Letting It All Out

There has been a lot on my shoulders lately and I thought this would be a good time to get something off my chest. About little over three months ago I wrote a post “Maybe it is Time to Quit”, which was a reaction too something that happened to me the day before. So, I feel that I need to tell my story and maybe get past it.

Well, it was the day before Rash Hashanah. I actually was on pin and needs that day because my Rabbi invited me to the Rash Hashanah service on Friday night and I wanted to go badly. Unfortunately, I was more nervous about the day after.

Anyway, I was at work and I got a call from my wife. She was extremely mad at me and told me that I need to call an FBI agent (from the Anti-Terrorist Task Force no less) immediately. I called the very polite FBI agent and cleared up the misunderstanding in about 5 minutes.

I thought it would be cool for my blog to post some pictures of the local synagogue in Bloomington IL, while I was visiting. My wife was on work related business and my son and I set out to get a photo of the synagogue. It was about lunch time when I arrived and the Temple secretary was just leaving. I walked up to her and told her my intentions and she seemed fine with it, even offered to let me take pictures of their court yard. Unfortunately, I was in a bit of a rush because I needed to get my wife some lunch and my son had fallen asleep in the car. So, I might have come off as a tad suspicious in my activates.  Plus, I did not know what to say, so I kind of fumbled my words a little too much.

It seems that the secretary must have recorded the license plate number when she left and my wife said the FBI agent had photos of me taking the pictures. I guess the worst part of this is that my wife was questions by the FBI agent with no knowledge of me being there.

Of course, when I got home, my wife was not happy with me and kept asking me why I hang around with these people, when it seems obvious to her that they do not want me around. She pretty much told me to knock it off. As I always seem too do, I coward and retreated to my normal position of, “Yes dear.”

As I look back, it does seem a tad bone headed of me to have done this in the first place. I totally forgot that synagogues are in constant threat of terrorism and it probably was not a good idea to visit a synagogue this way. Yeah, I learned that first hand.

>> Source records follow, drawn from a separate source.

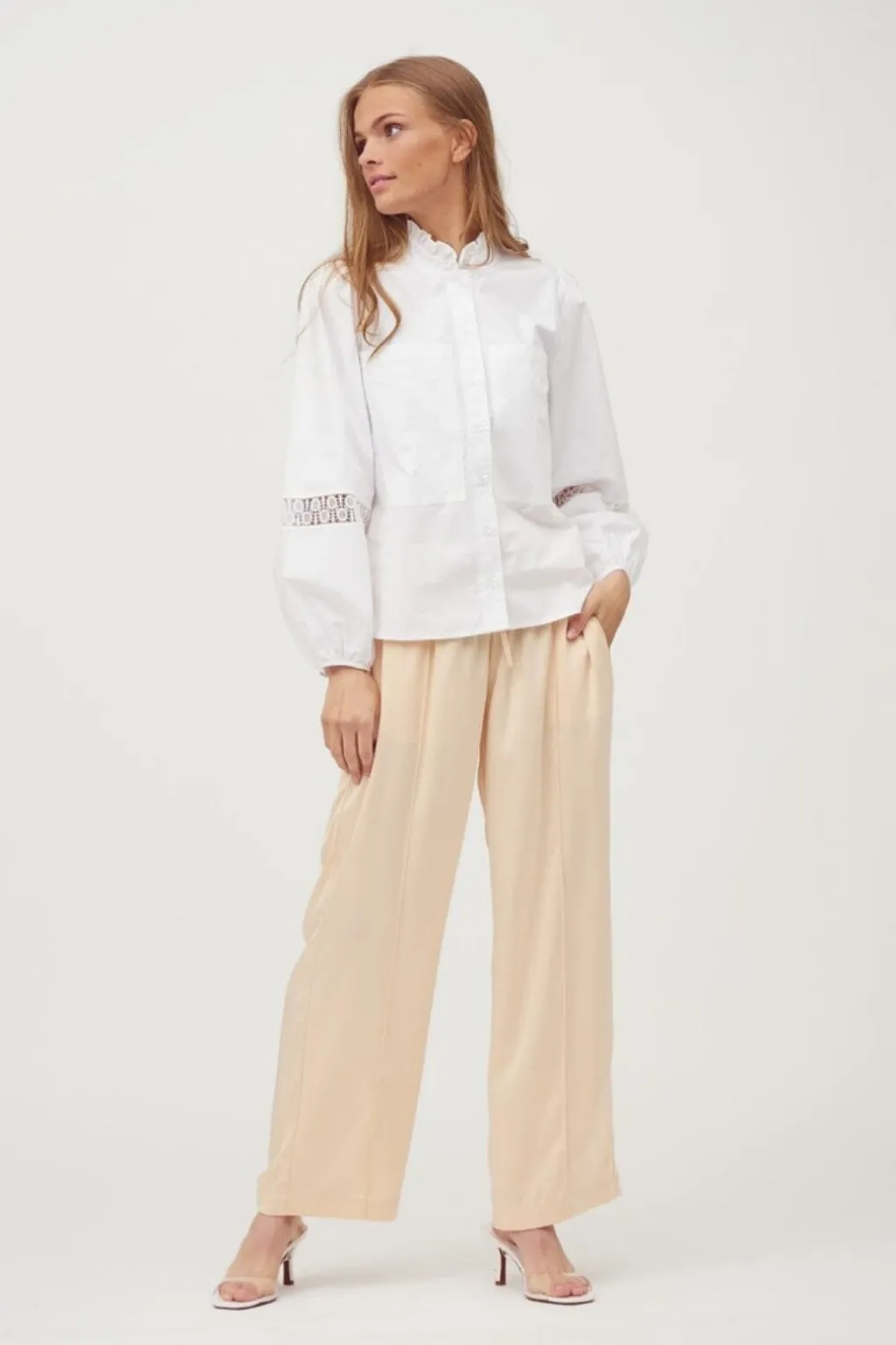 Hvid skjorte fra A-View med rynket høj krave og pufærmer. Skjorten har blondedetaljer ved både kraven og manchetterne samt to frontlommer.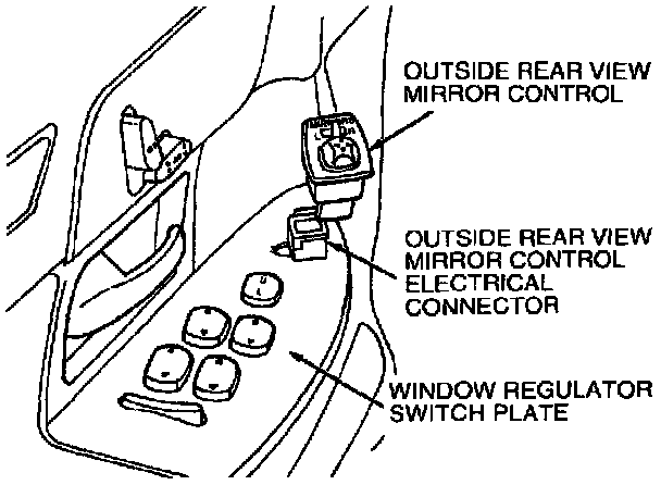 2. Disconnect electrical connector from outside rear view mirror control.
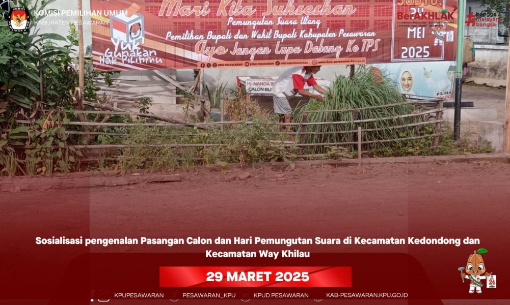 KPU Kabupaten Pesawaran melakukan Sosialisasi Pengenalan Pasangan Calon dan Hari Pemunggutan Suara Ulang (PSU) di Kecamatan Kedondong dan Kecamatan Way Lima.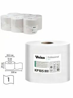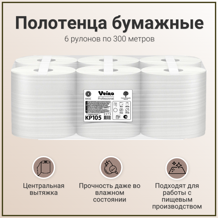 Полотенца бумажные Veiro Professional Basic KP105 рулонные, с центральной вытяжкой, однослойные, 1 упаковка - 6 рулонов по 300 метров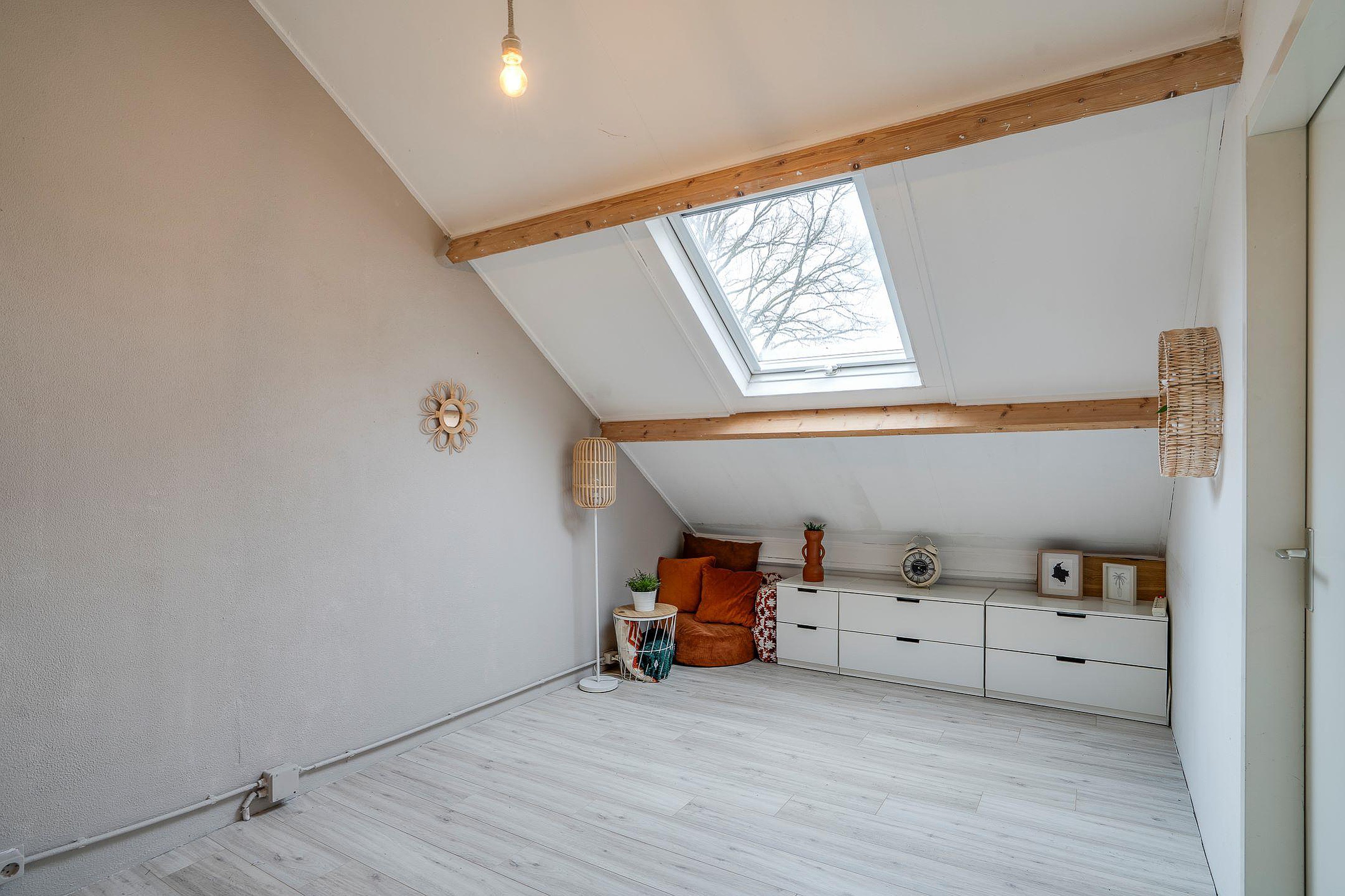 Via een vaste trap bereik je de ruime zolderverdieping, een verrassend multifunctionele ruimte met volop mogelijkheden. Momenteel in gebruik als werkkamer, maar dankzij het Velux-dakraam en de prettige afmetingen is deze verdieping ook uitstekend geschikt als extra slaapkamer.

I think this now brings me to the really juicy stuff, I am still feeling resentment after three months. I am still upset that the secretary told the FBI agent that I was impersonating a Jew, which I a pretty sure that I told her I was interested in conversion and was not Jewish.  The FBI agent question me on why I said that I am apart of the Springfield community and I told him that I attend the Temple is in Springfield and that is why I said it. Personally, I suspect that even if I would have said everything right, the secretary would have still taken everything out of context anyway, because I was a suspect in her eyes.

What amazes me the most is that two bad actions (the secretary and mine) seemed to fall on my shoulders and I am the one who paid dearly. She can go on with her life like nothing every happened, because nothing really happened to her. She reported suspicious activity to the FBI, like she was trained to do, and went on with her life. I guess it is just past my understanding why I get to harbor most of pain that comes from the consciences of my actions, when the other party does not have to pay for the consciences of their actions?

Yes, it is so easy to blame someone else than myself. Trust me, I have been pretty hard on myself and extremely angry at my actions. I will continue to make this all my fault as I try to reconcile my resentment towards the secretary. It does seem though, three months is still not enough. I guess I need to forgive and move on, but it seems impossible at the moment. I am embarrassed about being accused and investigated for terrorist activity. It angers me to the point of tears that the secretary has no idea how much pain she caused me.

Sadly, this has been my crappy life and why I have been running away from it. I literally hate myself for feeling this way.

Thanks for reading this…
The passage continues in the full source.